Boris Johnson has vowed to repay the trust of former Labour supporters whose votes helped deliver him victory in the General Election.

The Prime Minister made a symbolic visit to Tony Blair’s old Sedgefield constituency in County Durham – which fell to the Tories on Thursday night – to pledge his commitment to spreading opportunity across the country.

“We believe in giving opportunity to everyone,” he told a crowd of cheering supporters and newly-elected MPs from the region packed into the local cricket club.

“We believe that talent is evenly distributed throughout our country, but opportunity is unfairly distributed.

“We are going to rectify that as a One Nation Conservative government, as a people’s government, that is what we are going to do.”

Sedgefield was one of a swathe of seats across the North, Midlands and north Wales in Labour’s hitherto impregnable “red wall” to go blue as the Tories stormed to an 80-seat majority in the new House of Commons.

In his speech, Mr Johnson acknowledged how difficult it was for many lifelong Labour supporters to break with the party and cast their votes for the Tories.

“I can imagine people’s pencil’s hovering over the ballot paper and wavering before coming down for us and the Conservatives, and I know that people may have been breaking the voting habits of generations to vote for us,” he said.

“And I want the people of the North East to know that we in the Conservative Party, and I, will repay your trust – and everything that we do, everything that I do as your Prime Minister, will be devoted to repaying that trust.”

General Election 2019
Prime Minister Boris Johnson pulling a pint with Sedgefield’s new Conservative MP Paul Howell (Dave Higgens/PA)

In a message to Tory MPs, Mr Johnson also echoed the words of Mr Blair when he became prime minister in 1997, saying: “Remember, we are not the masters, we are the servants now. Our job is to serve the people of this country.”

In an upbeat address, Mr Johnson insisted his Government’s priorities and those of its new supporters are the same.

“It is getting Brexit done but it is also delivering on our National Health Service, our education, safer streets, better hospitals, a better future for our country,” he said.

“We are going to recover our national self-confidence, our mojo, our self-belief. It is going to be a wonderful, wonderful time for our country. Our country will stand tall in the world.”

In contrast, the recriminations within Labour are continuing following the party’s worst performance in a general election since 1935.

General Election 2019
John McDonnell said Jeremy Corbyn had been “demonised” in a smear campaign against him (Stefan Rousseau/PA)

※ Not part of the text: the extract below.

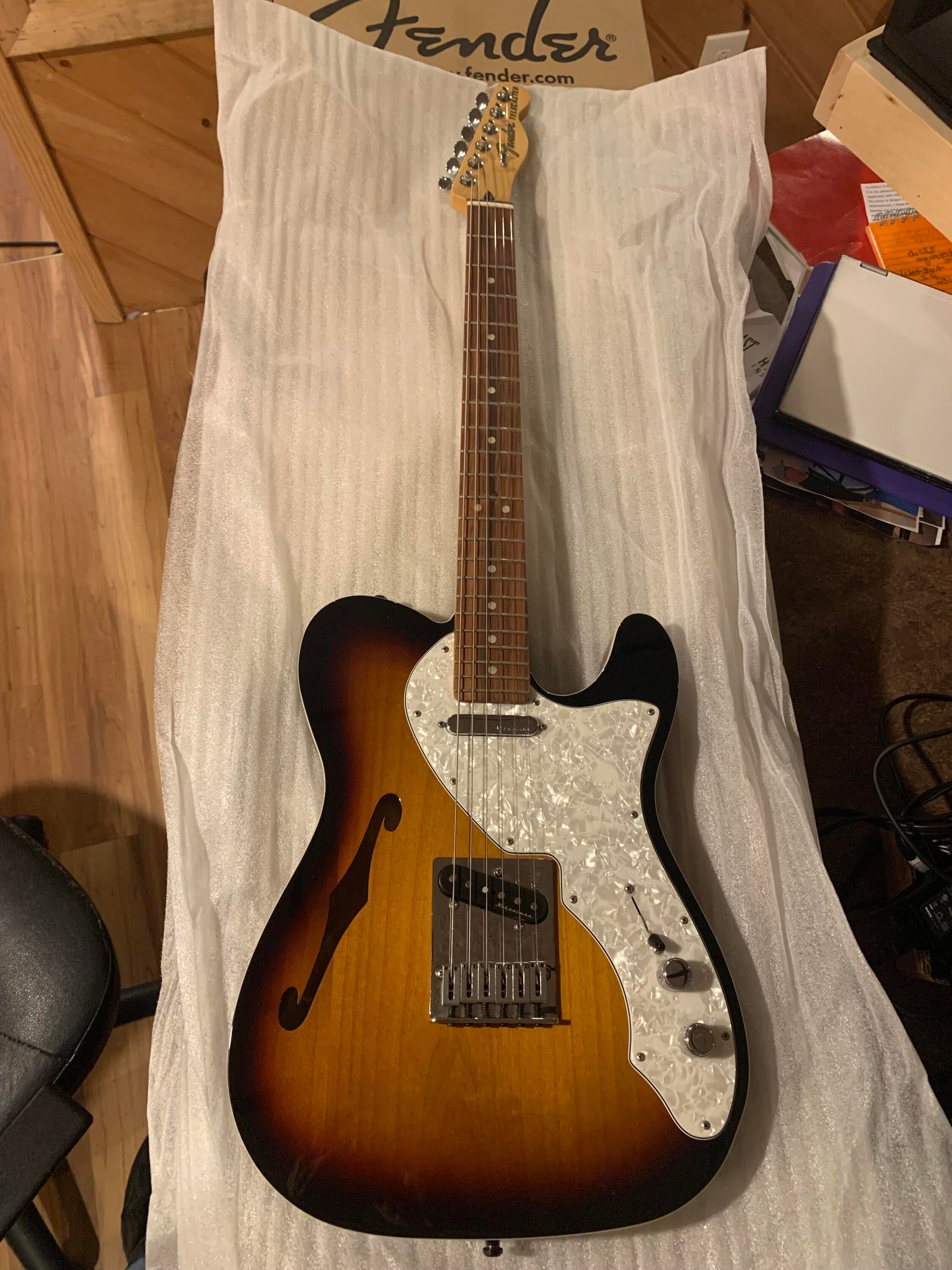 Selling a Fender Deluxe Telecaster Thinline Pau Ferro Fingerboard electric guitar 3 color Sunburst Bought it brand new from music store in 2021 also when bought new at it set up at additional cost and had the set up tech install the quick release strap holder and also bought the quick release strap at additional cost. The guitar never needed it since new and has been sitting ever since it was bought. It was hanging on guitar hook in home as a show piece but put it back in the box ready to go. It has less playing time than a new guitar on a rack in music store. Sll the pictures were just taken in April 2026. . All the specs are below

Some MPs and defeated candidates turned on Jeremy Corbyn, saying the Labour leader’s left-wing politics had cost them votes.

Mr Corbyn announced on Friday that he would be standing down early next year after a “process of reflection” on what went wrong.

However his long-standing ally and shadow chancellor John McDonnell dismissed claims the party had backed the “wrong” leader.

He said: “I didn’t back the wrong person because Jeremy was the right leader. We could have won in 2017. Things moved on. Brexit dominated everything.”

He said Mr Corbyn is “one of the most principled, honest, sincere, committed, anti-racist politicians”, but he had been “demonised by a smear campaign against him”.

Mr McDonnell, who confirmed he will also be standing down when Mr Corbyn goes, added: “I think we have to have a wider debate here about the role of social media and the media overall, and sometimes the nature of our politics.

“I don’t want to live in a society where those sorts of lies and smears and character-assassination dominate our politics. Let’s have an honest debate about the issues.

“It isn’t about individuals, it is about policies and analysis.”